• [YOUR OBJECTIVE]: Your answer must be the full listing, repeated word for word.

- - - -

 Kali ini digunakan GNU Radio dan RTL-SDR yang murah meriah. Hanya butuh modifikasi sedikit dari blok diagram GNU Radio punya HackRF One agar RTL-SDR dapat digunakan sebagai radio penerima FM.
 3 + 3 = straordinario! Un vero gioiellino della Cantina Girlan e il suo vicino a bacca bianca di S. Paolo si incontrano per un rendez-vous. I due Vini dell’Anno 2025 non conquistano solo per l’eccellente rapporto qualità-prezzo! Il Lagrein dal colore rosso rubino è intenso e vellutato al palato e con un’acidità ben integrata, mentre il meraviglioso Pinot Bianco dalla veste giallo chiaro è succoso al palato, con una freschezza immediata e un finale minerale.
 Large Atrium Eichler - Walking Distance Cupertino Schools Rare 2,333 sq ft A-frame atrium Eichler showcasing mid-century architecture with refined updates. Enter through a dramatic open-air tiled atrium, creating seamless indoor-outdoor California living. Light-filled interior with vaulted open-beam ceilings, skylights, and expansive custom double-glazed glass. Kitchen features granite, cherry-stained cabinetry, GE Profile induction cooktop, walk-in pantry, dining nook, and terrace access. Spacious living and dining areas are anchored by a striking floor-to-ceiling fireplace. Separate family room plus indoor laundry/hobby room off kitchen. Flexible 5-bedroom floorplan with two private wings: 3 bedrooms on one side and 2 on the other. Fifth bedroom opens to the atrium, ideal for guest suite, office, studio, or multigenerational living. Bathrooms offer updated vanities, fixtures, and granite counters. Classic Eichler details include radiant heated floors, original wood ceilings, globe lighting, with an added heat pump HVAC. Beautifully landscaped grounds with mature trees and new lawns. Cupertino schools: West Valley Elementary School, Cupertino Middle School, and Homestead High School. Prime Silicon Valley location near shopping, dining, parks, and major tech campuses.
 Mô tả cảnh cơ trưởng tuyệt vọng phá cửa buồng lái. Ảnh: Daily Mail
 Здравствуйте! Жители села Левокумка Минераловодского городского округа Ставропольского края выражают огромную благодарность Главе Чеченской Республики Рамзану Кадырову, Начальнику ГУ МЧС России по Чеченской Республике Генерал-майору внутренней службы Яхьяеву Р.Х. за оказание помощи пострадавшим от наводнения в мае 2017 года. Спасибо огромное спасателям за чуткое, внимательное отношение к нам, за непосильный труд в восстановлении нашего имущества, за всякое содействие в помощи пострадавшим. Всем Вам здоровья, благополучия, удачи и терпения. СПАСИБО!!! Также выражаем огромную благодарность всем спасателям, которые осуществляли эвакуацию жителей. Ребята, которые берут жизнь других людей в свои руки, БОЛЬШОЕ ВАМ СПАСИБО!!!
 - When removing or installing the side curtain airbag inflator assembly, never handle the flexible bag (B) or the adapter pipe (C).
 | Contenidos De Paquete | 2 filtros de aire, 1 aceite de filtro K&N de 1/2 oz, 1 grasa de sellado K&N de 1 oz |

- - - -

• [ANSWER BOX]:
 Kali ini digunakan GNU Radio dan RTL-SDR yang murah meriah. Hanya butuh modifikasi sedikit dari blok diagram GNU Radio punya HackRF One agar RTL-SDR dapat digunakan sebagai radio penerima FM.
 3 + 3 = straordinario! Un vero gioiellino della Cantina Girlan e il suo vicino a bacca bianca di S. Paolo si incontrano per un rendez-vous. I due Vini dell’Anno 2025 non conquistano solo per l’eccellente rapporto qualità-prezzo! Il Lagrein dal colore rosso rubino è intenso e vellutato al palato e con un’acidità ben integrata, mentre il meraviglioso Pinot Bianco dalla veste giallo chiaro è succoso al palato, con una freschezza immediata e un finale minerale.
 Large Atrium Eichler - Walking Distance Cupertino Schools Rare 2,333 sq ft A-frame atrium Eichler showcasing mid-century architecture with refined updates. Enter through a dramatic open-air tiled atrium, creating seamless indoor-outdoor California living. Light-filled interior with vaulted open-beam ceilings, skylights, and expansive custom double-glazed glass. Kitchen features granite, cherry-stained cabinetry, GE Profile induction cooktop, walk-in pantry, dining nook, and terrace access. Spacious living and dining areas are anchored by a striking floor-to-ceiling fireplace. Separate family room plus indoor laundry/hobby room off kitchen. Flexible 5-bedroom floorplan with two private wings: 3 bedrooms on one side and 2 on the other. Fifth bedroom opens to the atrium, ideal for guest suite, office, studio, or multigenerational living. Bathrooms offer updated vanities, fixtures, and granite counters. Classic Eichler details include radiant heated floors, original wood ceilings, globe lighting, with an added heat pump HVAC. Beautifully landscaped grounds with mature trees and new lawns. Cupertino schools: West Valley Elementary School, Cupertino Middle School, and Homestead High School. Prime Silicon Valley location near shopping, dining, parks, and major tech campuses.
 Mô tả cảnh cơ trưởng tuyệt vọng phá cửa buồng lái. Ảnh: Daily Mail
 Здравствуйте! Жители села Левокумка Минераловодского городского округа Ставропольского края выражают огромную благодарность Главе Чеченской Республики Рамзану Кадырову, Начальнику ГУ МЧС России по Чеченской Республике Генерал-майору внутренней службы Яхьяеву Р.Х. за оказание помощи пострадавшим от наводнения в мае 2017 года. Спасибо огромное спасателям за чуткое, внимательное отношение к нам, за непосильный труд в восстановлении нашего имущества, за всякое содействие в помощи пострадавшим. Всем Вам здоровья, благополучия, удачи и терпения. СПАСИБО!!! Также выражаем огромную благодарность всем спасателям, которые осуществляли эвакуацию жителей. Ребята, которые берут жизнь других людей в свои руки, БОЛЬШОЕ ВАМ СПАСИБО!!!
 - When removing or installing the side curtain airbag inflator assembly, never handle the flexible bag (B) or the adapter pipe (C).
 | Contenidos De Paquete | 2 filtros de aire, 1 aceite de filtro K&N de 1/2 oz, 1 grasa de sellado K&N de 1 oz |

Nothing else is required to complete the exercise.